Enfin, vous avez parlé tout à l'heure des associations qui ont plus ou moins de moyens qu'auparavant. Ce n'est pas l'objet de notre débat ici, mais je voudrais savoir si, dans les quartiers difficiles comme ailleurs, le bénévolat est actuellement en voie de disparition.

Voilà les quelques questions que je voulais vous poser.

M. Mohammed ABDI .- Je commencerai par répondre à votre première question qui porte sur le rôle de la presse en vous donnant un autre exemple. Lorsque, en 2004, la commission « Stasi » a travaillé ici sur le sujet fondamental des signes religieux à l'école, les réactions de la presse ont été très paradoxales. Beaucoup de gens disaient que l'on risquait de mettre au ban de la société ou de stigmatiser une partie de la population, mais je pense que le simple fait d'avoir permis ce débat, qui était souvent violent et même brutal, entre des gens qui se trouvaient aux antipodes les uns et les autres, des gens qui défendaient la laïcité et d'autres qui défendaient la liberté religieuse jusqu'au port des signes religieux sur la place publique, a fait aujourd'hui qu'en France, les uns et les autres ont pu comprendre un certain nombre de choses et les intégrer. Nous constatons maintenant que, dans tous les quartiers, les gens savent ce qu'est la laïcité, même si on ne va pas au fond.

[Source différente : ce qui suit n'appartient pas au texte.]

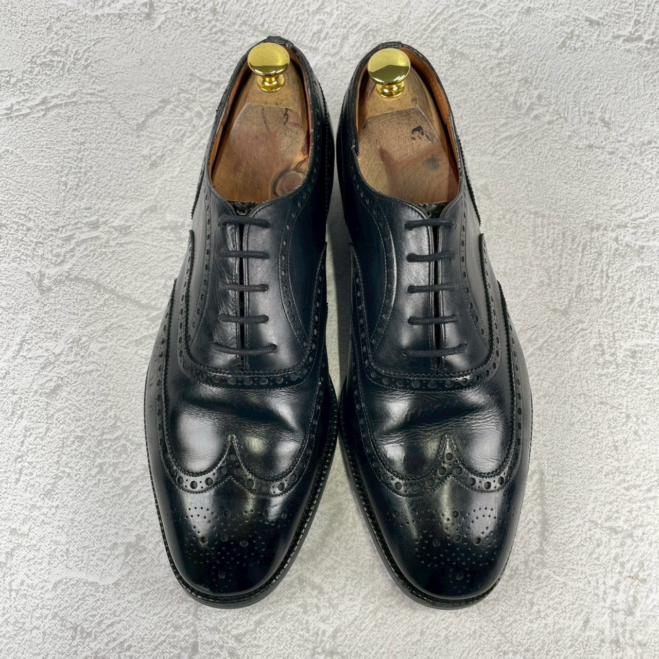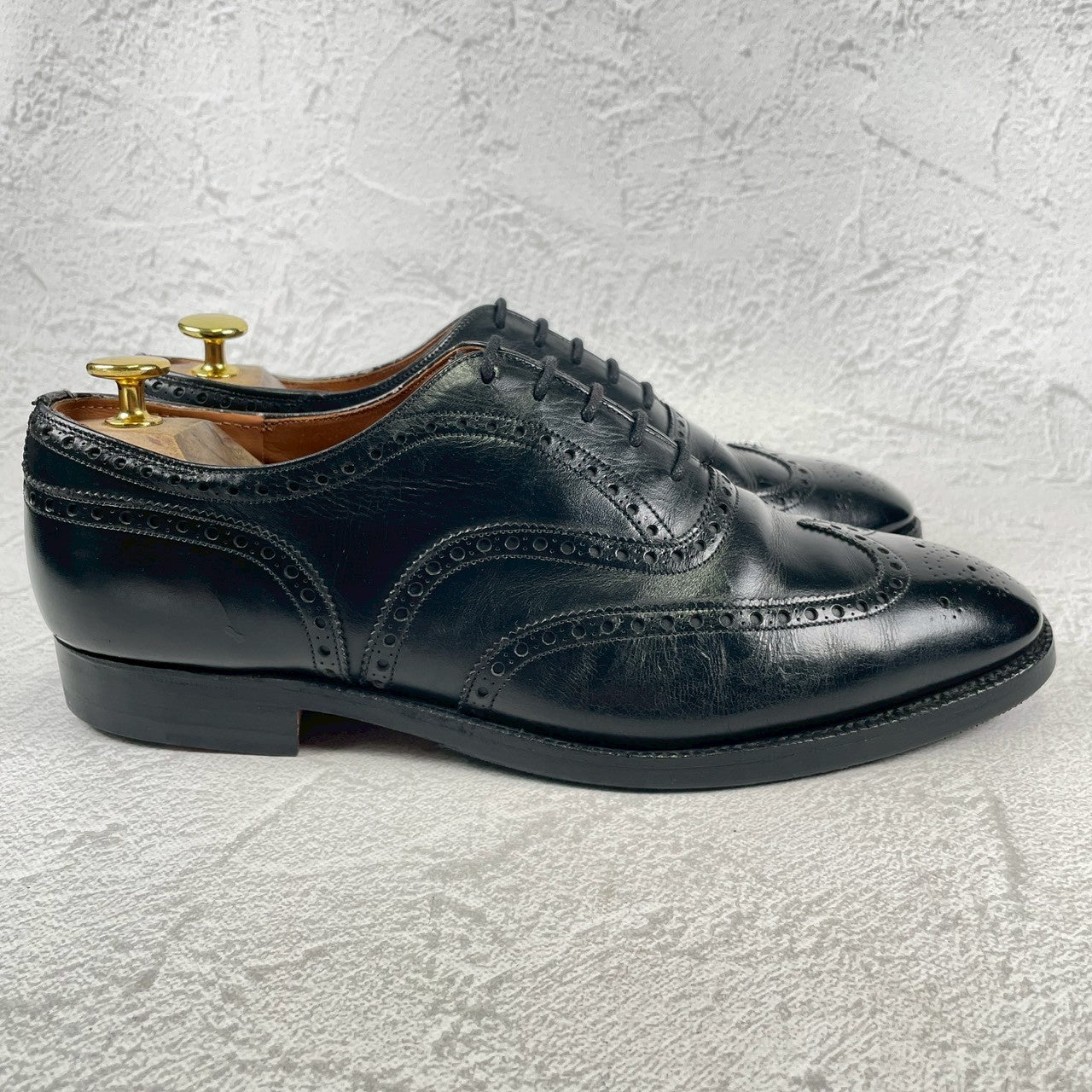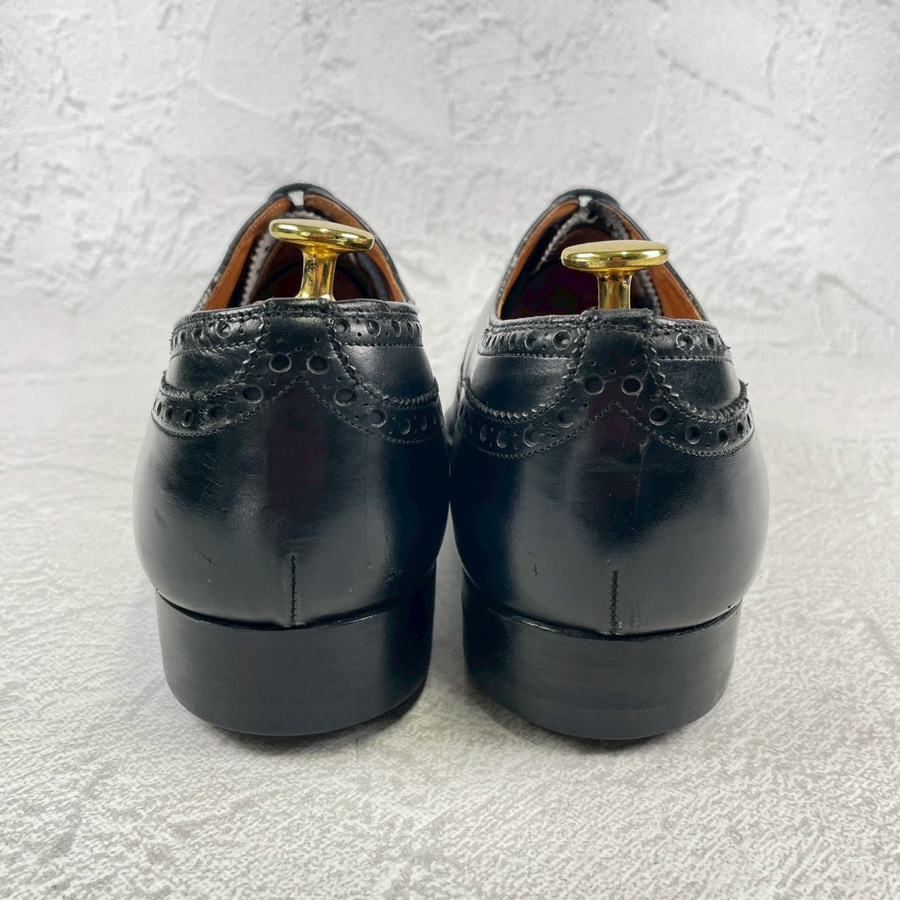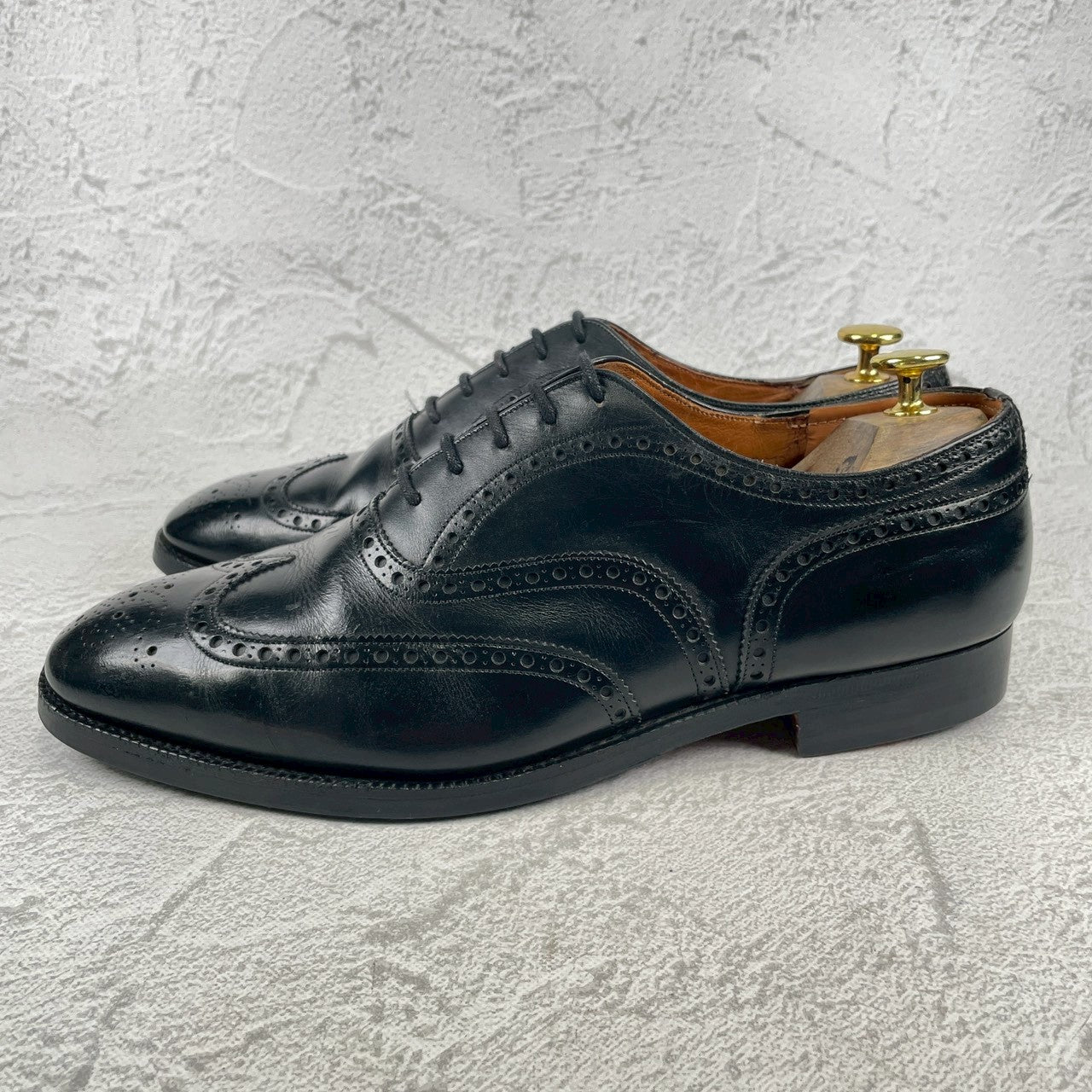 現行の173ラストのベースとなった「73ラスト」を採用しており、やや小ぶりなヒールカップと、英国伝統の力強いエッグトゥが描くシルエットは、現行品にはない唯一無二の気品を漂わせます。重厚なブローギング(穴飾り)は、ビジネスシーンに華やかさを添えるだけでなく、カントリーのルーツを感じさせるタフな装いにもマッチします。

Nous verrons dans quinze ans les effets positifs de cette décision qui a été prise, qui a été capitale et qui est un véritable vecteur d'émancipation et d'intégration dans ce pays. J'ai été très heureux de prendre connaissance de statistiques américaines que Le Monde a publiées hier sur la perception de la religion musulmane par la population européenne ou occidentale. On voit ainsi que la France est le premier pays dont la perception est positive. C'est ce débat autour de la laïcité qui a permis cette situation.

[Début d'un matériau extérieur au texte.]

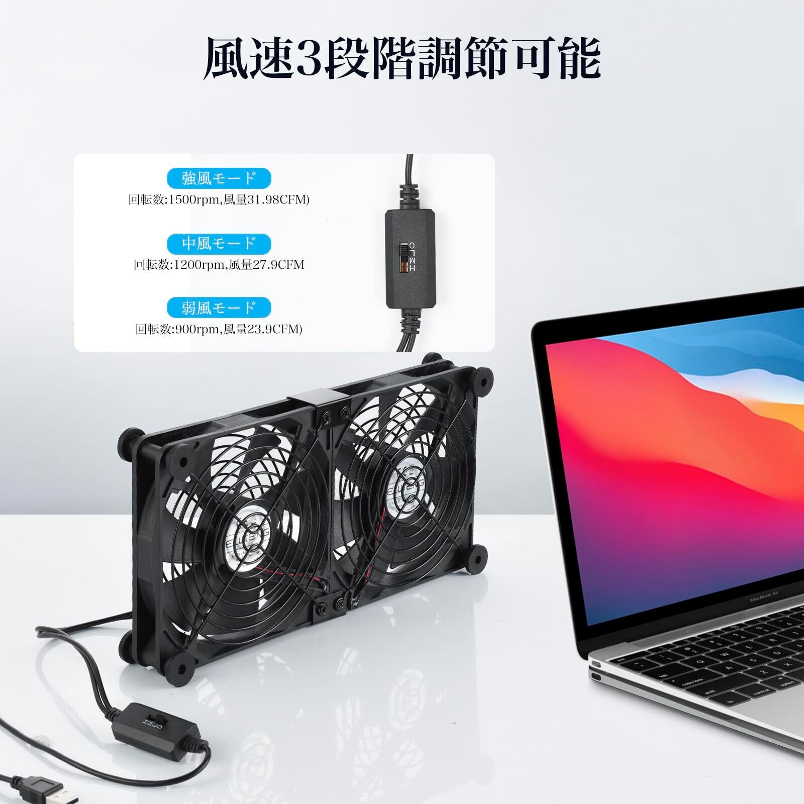 【7枚羽根&3段階風速調節可能】usbファン 2連 14cmは7枚羽根で安定した風量を確保します。面倒な配線が無く、USBインターフェースを採用して、プラグを差し込んで使用できます。風速調整スイッチを備えて、風量は3段階で調節可能。電圧:5 V 風回転数:900/1200/1500RPM。ご注意:5Vを超える電圧が禁止。
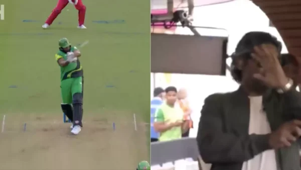 The commentary box, situated at ground level in that area was in the trajectory of the ball which prompted the commentators—including Sri Lankan legend Kumar Sangakkara and former England player Robert Croft to take quick evasive action, all of which was captured on camera.

J'en viens à ma réponse. A chaque fois que l'on ouvre le débat, que l'on va jusqu'au bout des interrogations, que l'on nomme les situations et que l'on donne la parole à chacun, on fait de la pédagogie et on permet à des gens de comprendre et de sortir du flou et de la confusion. C'est le cas des émeutes de novembre : certains ont fait de la surenchère sur cette question réelle ; d'autres, pour éviter de stigmatiser une population et jeter de l'huile sur le feu, ont manqué à leur devoir d'information. Entre les deux, il est possible de faire une véritable information, mais aussi d'offrir un débat à tout le monde.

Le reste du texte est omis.